Data supplied:
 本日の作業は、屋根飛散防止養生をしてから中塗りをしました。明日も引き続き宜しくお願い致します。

...

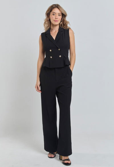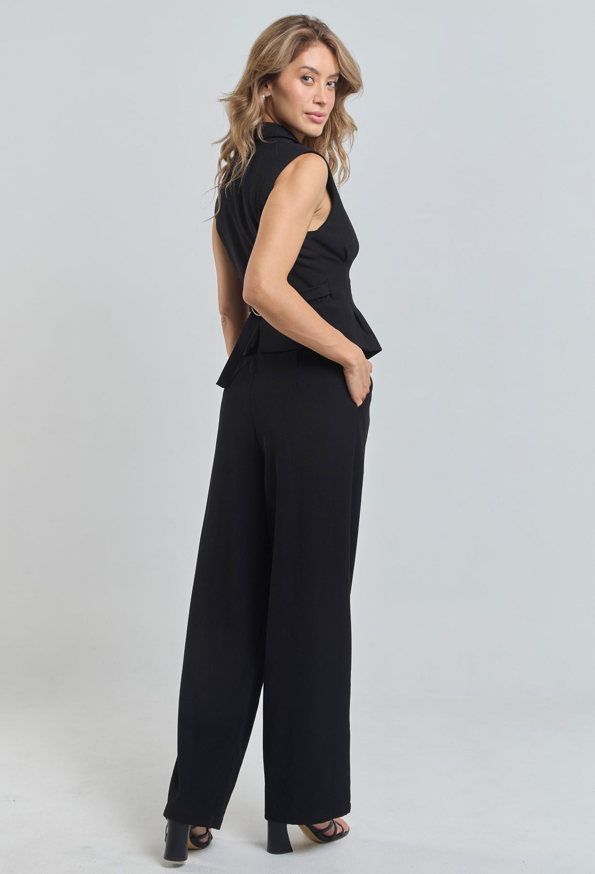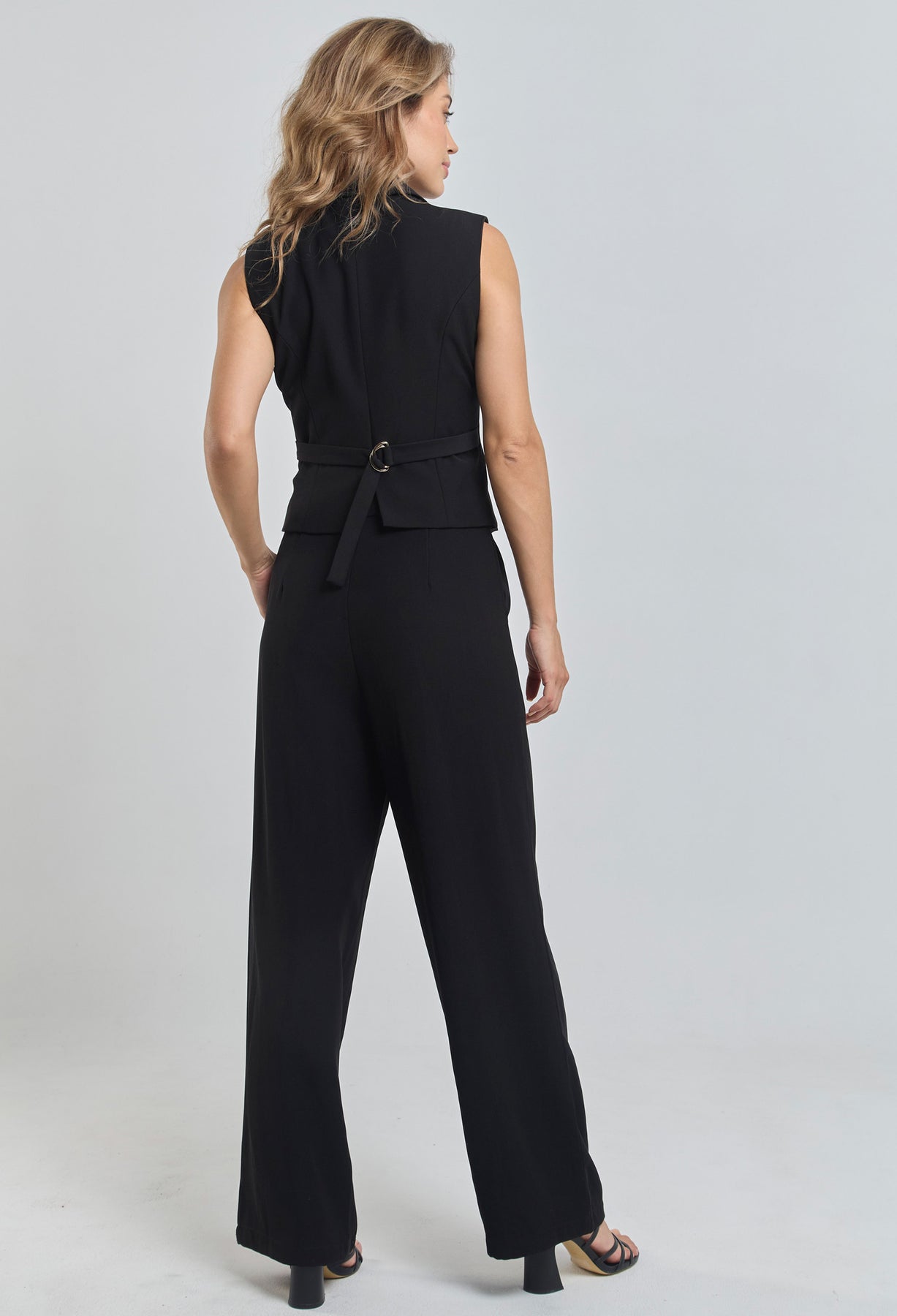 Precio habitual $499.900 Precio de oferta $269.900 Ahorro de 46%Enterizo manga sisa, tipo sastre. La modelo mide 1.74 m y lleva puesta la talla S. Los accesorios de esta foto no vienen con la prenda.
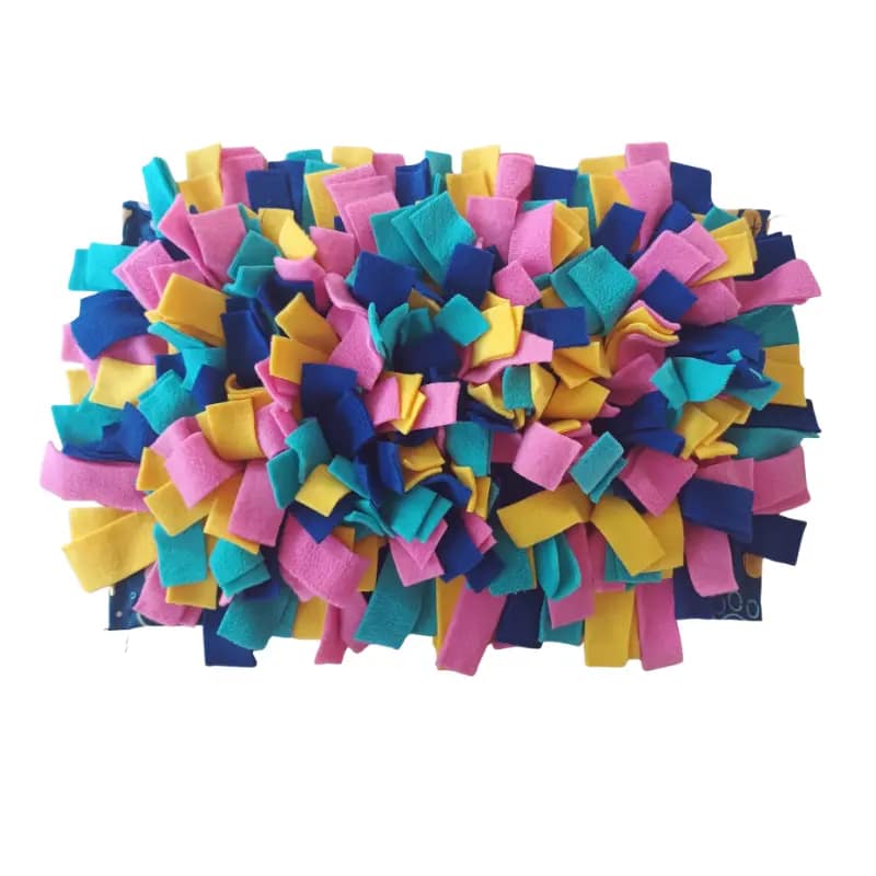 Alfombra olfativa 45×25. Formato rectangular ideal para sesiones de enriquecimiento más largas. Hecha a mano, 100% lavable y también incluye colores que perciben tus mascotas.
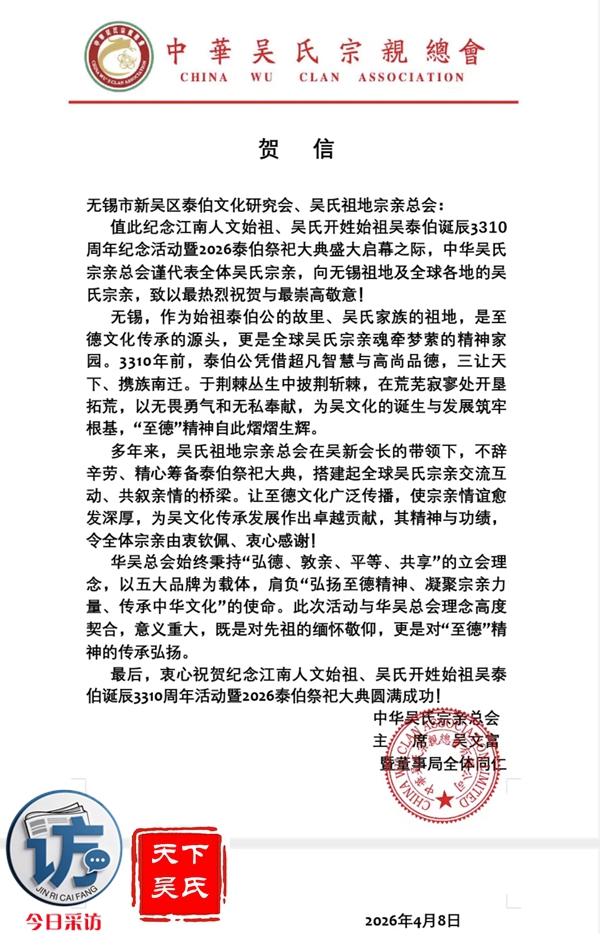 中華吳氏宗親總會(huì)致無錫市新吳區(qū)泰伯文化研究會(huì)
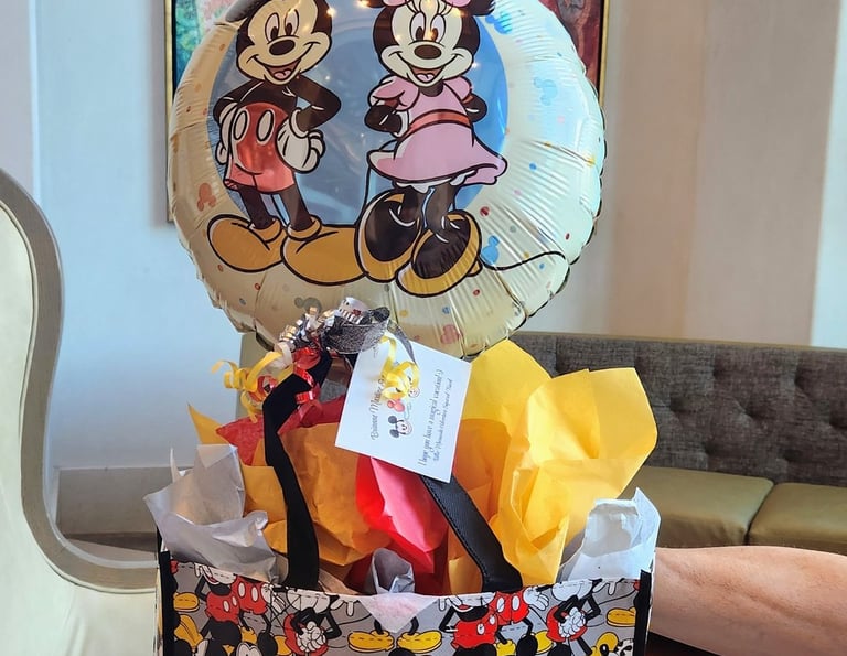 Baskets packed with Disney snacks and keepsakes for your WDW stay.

Problem details: Although pictures appear among the records above, none are to be output; print exactly the lines from the line containing "中華吳氏宗親總會(huì)致無錫市新吳區(qū)泰伯文化研究會(huì)" through the line containing "Baskets packed with".

Task output:
 中華吳氏宗親總會(huì)致無錫市新吳區(qū)泰伯文化研究會(huì)
 Baskets packed with Disney snacks and keepsakes for your WDW stay.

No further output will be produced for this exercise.